Aim of the task
The reply is a verbatim copy of the listing below with its images dropped.

Exercise data
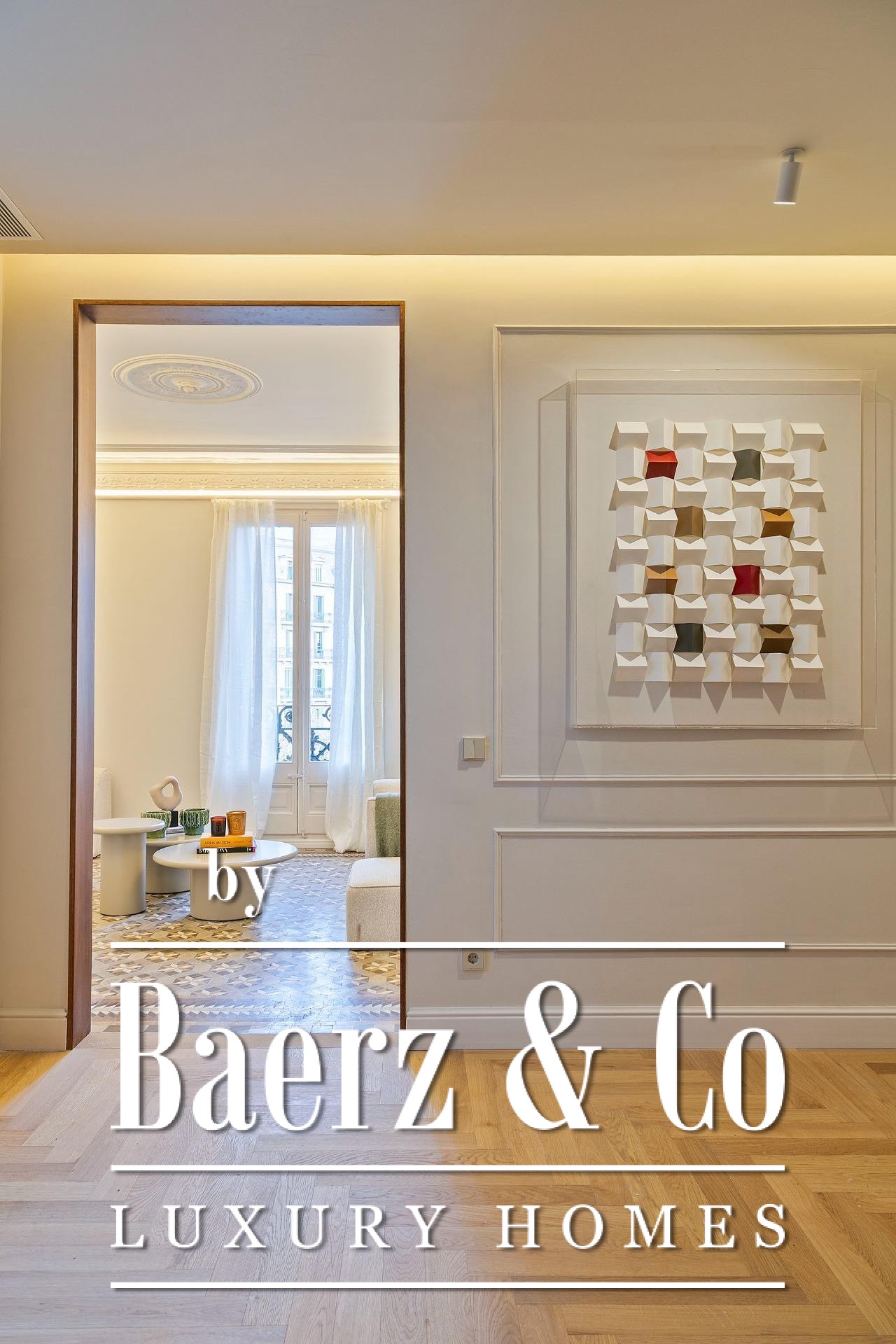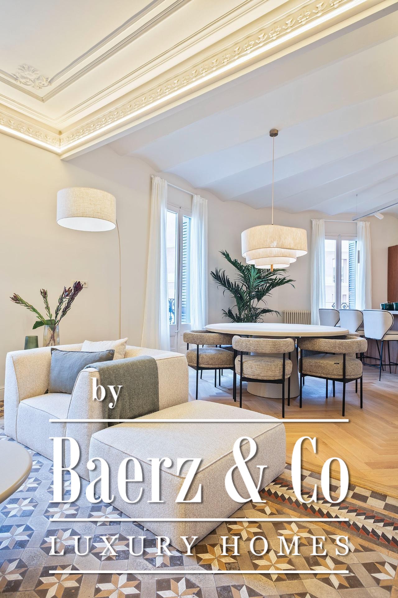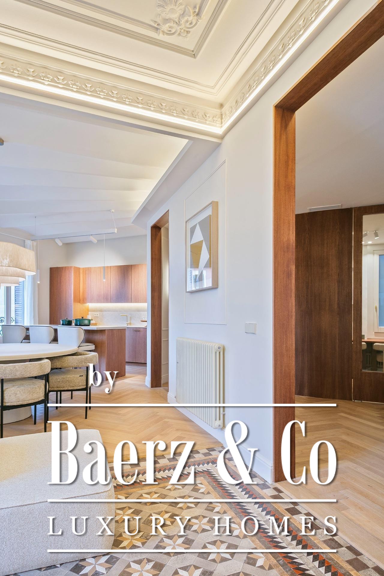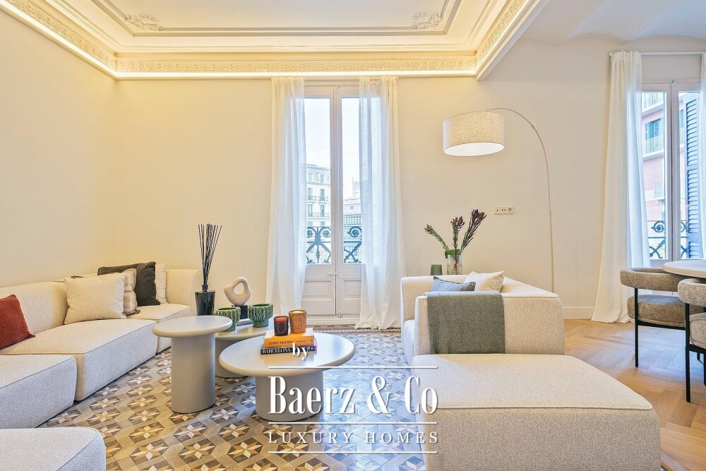 Luxury apartment Barcelona offers an exclusive living experience, defined by its location on a corner with a chamfered façade. This architectural hallmark brings in maximum natural light, a rare attribute ensuring brightness, spatial clarity, and lasting comfort. Every room of the 183 m² apartment is exterior-facing, cultivating a sense of well-being and a unique connection with the city.
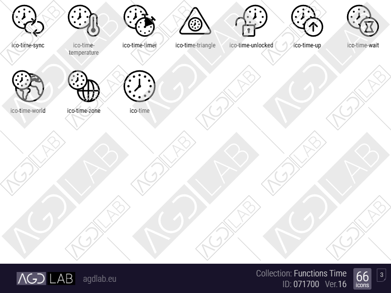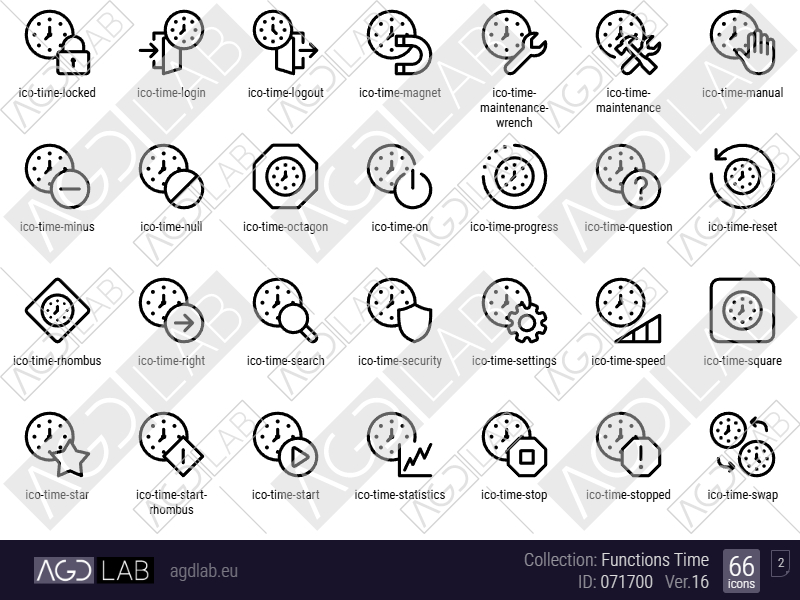 This collection contains 66 icons and represents clock elements including time functions, locks, global time, favorites, scheduling features, time zones and synchronization tools. Used in scheduling, chronological operation, time tracking, duration controls, real-time display, and temporal management systems.
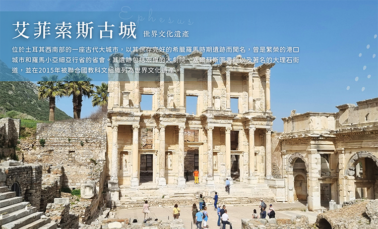 艾菲索斯由於港口的交通便利,東西貿易的興盛成為當時最繁榮的都市,並且是世界上第一座完全採用白色大理石建成的都市。是古希臘人在小亞細亞建立的一個大城市,也是愛奧尼亞人的城市,也是保存很好的羅馬古城!包括可容納2萬5千人同時觀賞表演的露天劇場、圖書館、大理石街道、古羅馬浴場、古羅馬公廁、神殿、市集、音樂廳等,從地上與牆上精緻的馬賽克瓷磚,仍可幻想出當時人類富麗堂皇的生活型態。
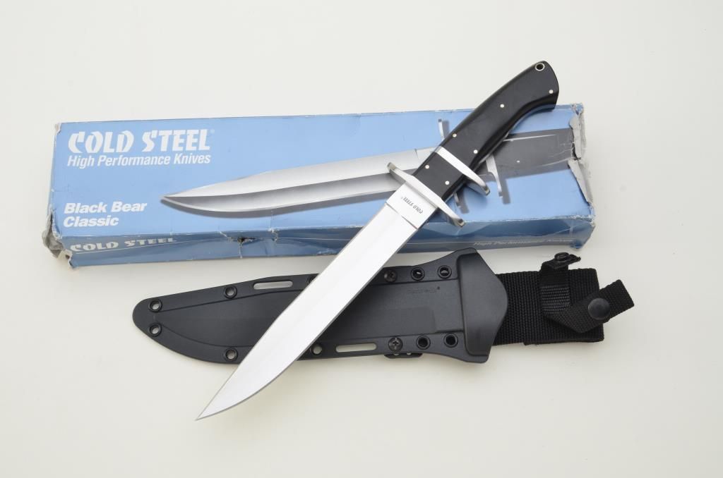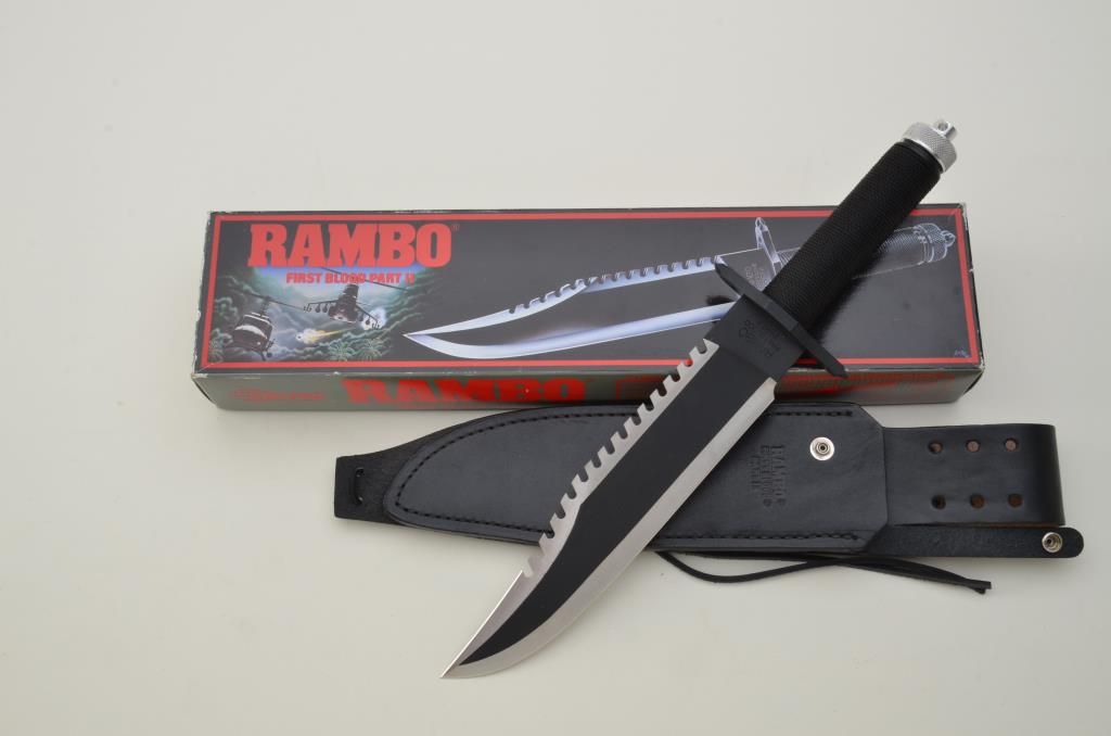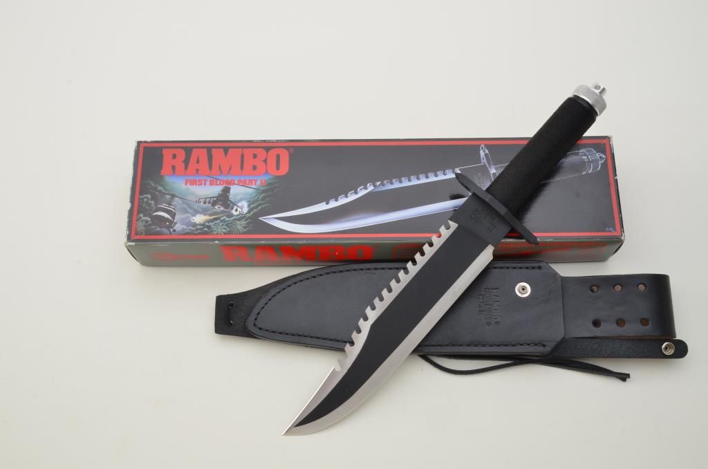 Lot of 4 modern knives; 1 large black bear classic cold steel inbox, 1 Rambo 1st blood part 2 inbox, Rambo 1st blood part 1 inbox and one unidentified. Est.: $100-$300.

Answer below
 Luxury apartment Barcelona offers an exclusive living experience, defined by its location on a corner with a chamfered façade. This architectural hallmark brings in maximum natural light, a rare attribute ensuring brightness, spatial clarity, and lasting comfort. Every room of the 183 m² apartment is exterior-facing, cultivating a sense of well-being and a unique connection with the city.
 This collection contains 66 icons and represents clock elements including time functions, locks, global time, favorites, scheduling features, time zones and synchronization tools. Used in scheduling, chronological operation, time tracking, duration controls, real-time display, and temporal management systems.
 艾菲索斯由於港口的交通便利,東西貿易的興盛成為當時最繁榮的都市,並且是世界上第一座完全採用白色大理石建成的都市。是古希臘人在小亞細亞建立的一個大城市,也是愛奧尼亞人的城市,也是保存很好的羅馬古城!包括可容納2萬5千人同時觀賞表演的露天劇場、圖書館、大理石街道、古羅馬浴場、古羅馬公廁、神殿、市集、音樂廳等,從地上與牆上精緻的馬賽克瓷磚,仍可幻想出當時人類富麗堂皇的生活型態。
 Lot of 4 modern knives; 1 large black bear classic cold steel inbox, 1 Rambo 1st blood part 2 inbox, Rambo 1st blood part 1 inbox and one unidentified. Est.: $100-$300.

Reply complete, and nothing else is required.